■ The task:
Restate word for word the lines below from the one that has "Pied circulaire au" through the one that has "FOLY鱼子酱吹风机负离子高", keeping both and dropping all pictures.

■ Data extract:

----

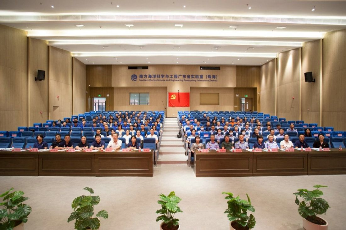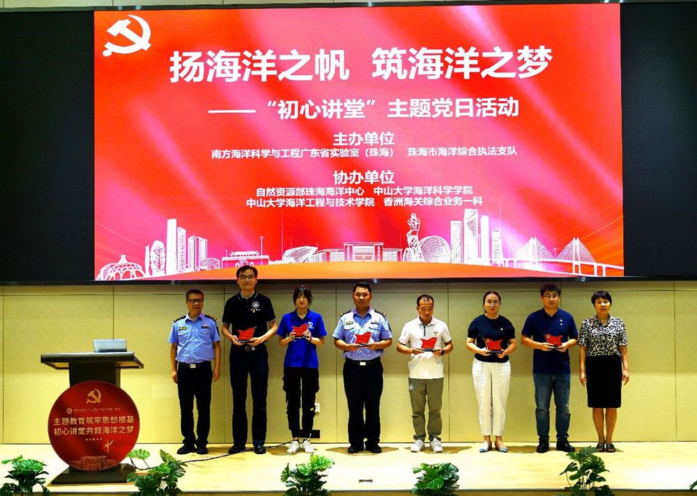 中大新聞網(wǎng)訊(通訊員張元盛、郭晨陽)為推動學(xué)習(xí)貫徹習(xí)近平新時代中國特色社會主義思想主題教育走深走實,激勵廣大黨員干部立足崗位職責、主動擔當作為,持續(xù)推進海洋工作高質(zhì)量發(fā)展,6月16日下午,南方海洋實驗室黨委聯(lián)合珠海市海洋綜合執(zhí)法支隊、自然資源部珠海海洋中心、香洲海關(guān)、中山大學(xué)海洋科學(xué)學(xué)院和海洋工程與技術(shù)學(xué)院等相關(guān)涉海單位黨組織舉辦以“揚海洋之帆,筑海洋之夢”為主題的“初心講堂”黨日活動。珠海市海洋綜合執(zhí)法支隊黨委書記、政委袁學(xué)軍,自然資源部珠海海洋中心黨委副書記、主任魏春雷,香洲海關(guān)副關(guān)長郭永生,南方海洋實驗室黨委書記劉梅、黨委副書記方綿等一百三十余名黨員參加此次活動。
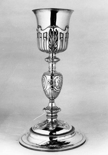 Pied circulaire au bord aplati et au sommet légèrement bombé. Noeud ovoïde entre 2 collerettes. Fausse coupe ajourée.
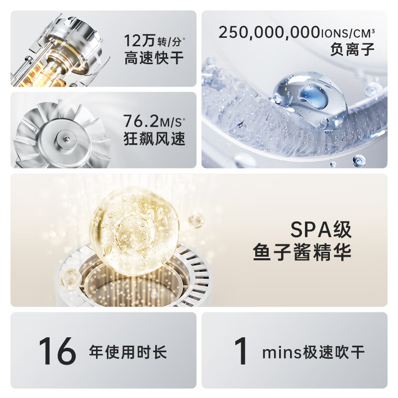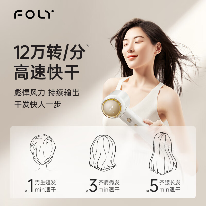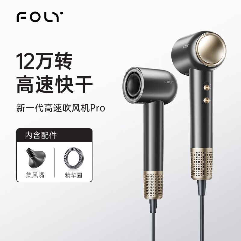 FOLY鱼子酱吹风机负离子高速电吹风大功率护发家用无叶吹风机速干低噪音便携式风筒PRO 灰金色价格:329.00元!
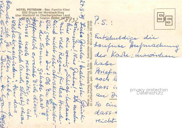 72782743 Stippe Morsbach Hotel Potsdam Oberbergisches Land Fliegeraufnahme postalisch nicht gelaufen Erhaltung siehe scans [FriedD77] KatCode: 11110005374028

----

■ Task response:
 Pied circulaire au bord aplati et au sommet légèrement bombé. Noeud ovoïde entre 2 collerettes. Fausse coupe ajourée.
 FOLY鱼子酱吹风机负离子高速电吹风大功率护发家用无叶吹风机速干低噪音便携式风筒PRO 灰金色价格:329.00元!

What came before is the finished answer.